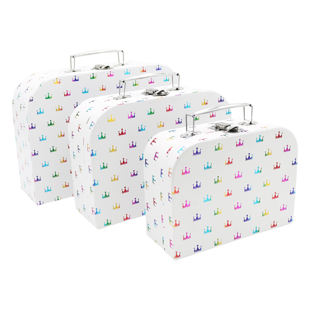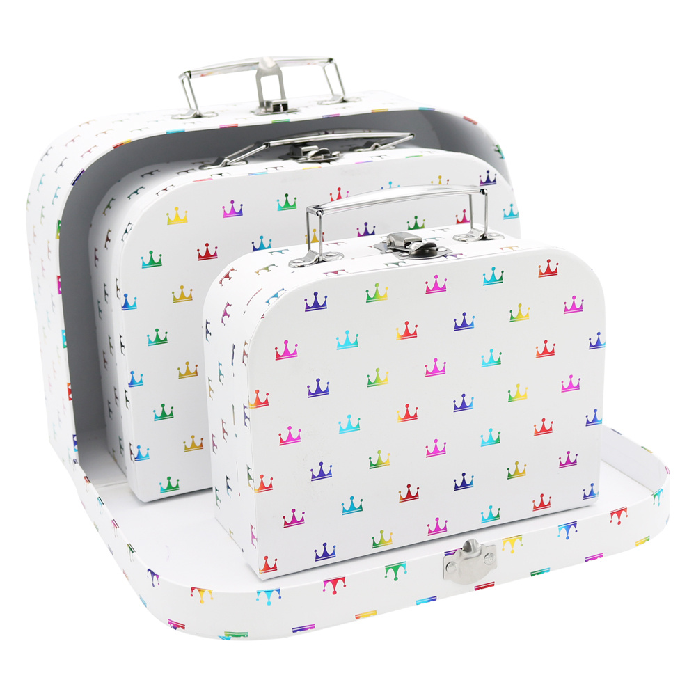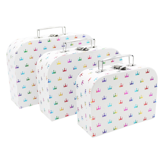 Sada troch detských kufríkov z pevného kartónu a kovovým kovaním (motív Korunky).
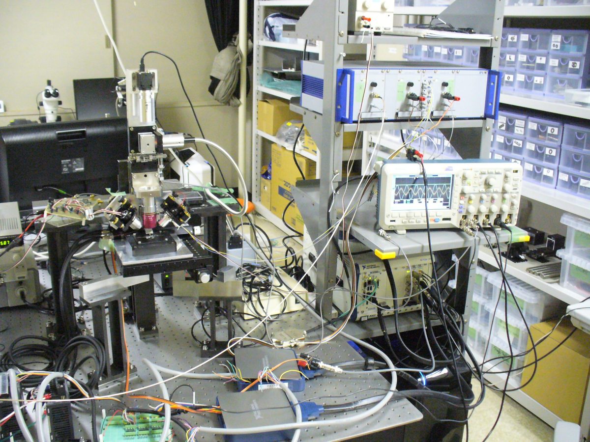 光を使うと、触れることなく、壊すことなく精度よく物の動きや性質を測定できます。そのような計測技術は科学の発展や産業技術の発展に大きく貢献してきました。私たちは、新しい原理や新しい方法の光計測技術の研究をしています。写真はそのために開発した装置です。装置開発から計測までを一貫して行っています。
**********
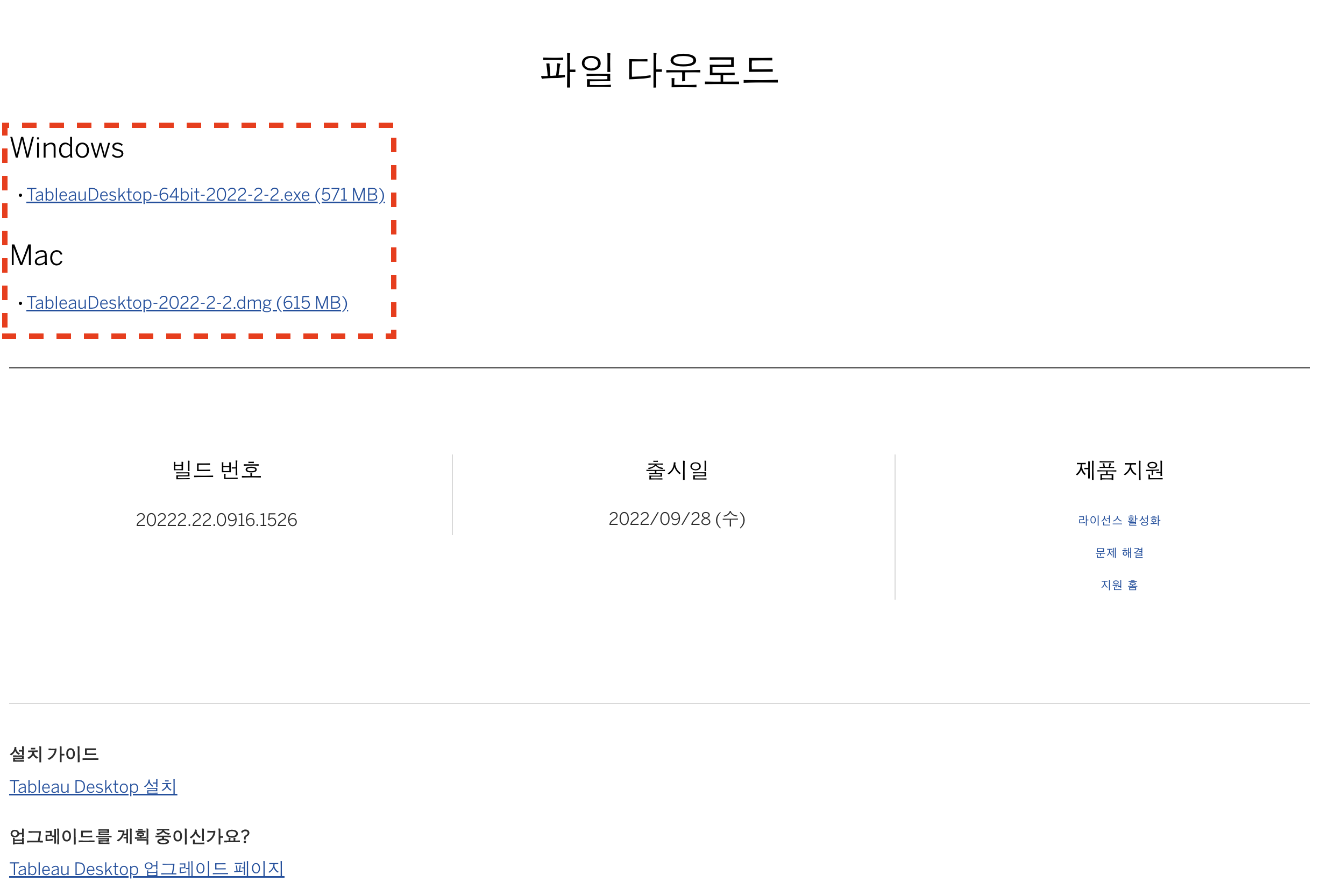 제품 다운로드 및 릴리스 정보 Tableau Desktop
**********
§ WORK TO BE COMPLETED
Nothing but the lines above from the line with "Sada troch detských" up to and including the line with "光を使うと、触れることなく、" should be returned, exactly as written and without pictures.

§ COMPLETED EXERCISE
 Sada troch detských kufríkov z pevného kartónu a kovovým kovaním (motív Korunky).
 光を使うと、触れることなく、壊すことなく精度よく物の動きや性質を測定できます。そのような計測技術は科学の発展や産業技術の発展に大きく貢献してきました。私たちは、新しい原理や新しい方法の光計測技術の研究をしています。写真はそのために開発した装置です。装置開発から計測までを一貫して行っています。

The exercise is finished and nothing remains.